Think of the huge amount of money this nation has sunk into “waste” treatment plants. The major reason such enormous amounts of money have been sunk into such facilities is to deal with a tiny portion (about one percent) of the effluent that makes it way to the treatment plant, namely the urine. That’s because urine is the major source of nitrogen and phosphorus that could otherwise make it into water bodies and over-fertilize them, leading to oxygen deprivation and killing off fish and other aquatic life. It can also make those water bodies unusable for swimming and as sources of drinking water.

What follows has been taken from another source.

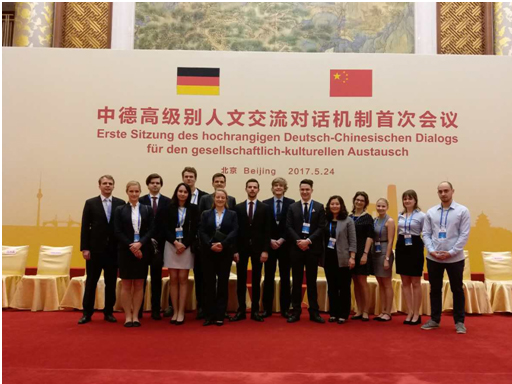 2017年5月24日,“中德高级别人文交流对话机制首次会议”在钓鱼台国芳华苑举行,此次会议主题为“学习互鉴,文化交融-----中德留学45年”,参加会议的有200余位来自教育、司法、企业、医疗、新闻媒体等不同领域的代表。taptap点点体育官网来静青老师带领14位德国留学生参加了此次会议。

Therefore we go to great expense to take out what should not have been put in to begin with.
The point is that we don’t want urine going into our waterways and therefore we spend enormous amounts of money to prevent that or “treat” human waste (feces and urine) when we might simply divert the urine into more productive, non-polluting uses and greatly reduce the cost of waste treatment, even without making use of the fecal matter in humanure as many cultures have done throughout history. We should compost humanure, then apply it. Both Sir Albert Howard and J.I. Rodale were very big on recycling human wastes. This admittedly is not a pleasant topic, but know that in some European countries they actually do make serious efforts to divert and collect urine for use in fertilizing plants and crops in a sensible manner that keeps them from polluting lakes, streams, estuaries, etc.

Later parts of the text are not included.